Unhappy people often make their workplace the venue for the expression of displeasure – especially if they are in a leadership position and buffered from job security consequences. Everyone underneath them learns to brace for the storm. It passes and returns in predictable cycles.
The law of gravity explains the cascading effect. Unhappy leaders are tolerated, therefore sanctioned. When the behavior endured from the top of the organizational chart occurs at the bottom, employees are disciplined. Turnover happens at the bottom of the org chart when toxicity is modeled from the top. A punitive culture is solidified, along with its consequences.

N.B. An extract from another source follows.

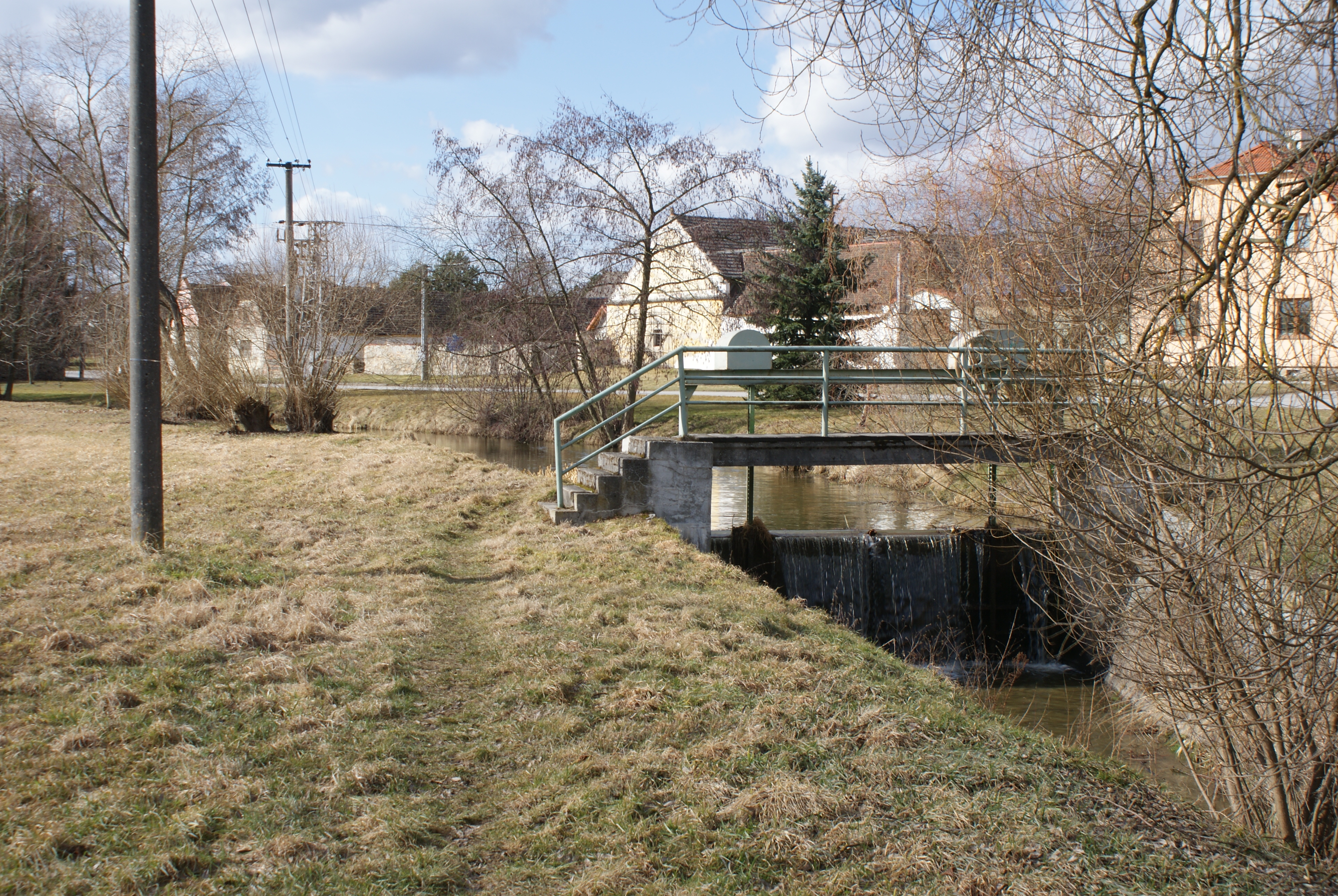 Skalský potok in Skály urban area, Southern Bohemia region, Czech Republic

There are always a handful of leaders whose wellness drives the culture of an organization. If they are healthy, their wellness shapes the vibe beneath them. If they are broken, however, the system moves to a position of constant readjustment to their volatility. If it were a marriage, it would be described as an abuse cycle.
Clinically, the four stages of an abuse cycle are: tension, incident, reconciliation, and calm. Tension escalates to an event. The event requires repair. The repair eases the tension. The relief gives way to the next rise in tension. This cycle eventually defines relationship culture.
In a perfect world, you would identify the key leaders that drive the organization’s wellness and devote whatever resources are needed to keep them healthy. If they are well, everyone is well. Call it coaching or call it counseling – intervening where it matters most benefits the whole. If the parents are well, the kids don’t have to brace for the next trauma.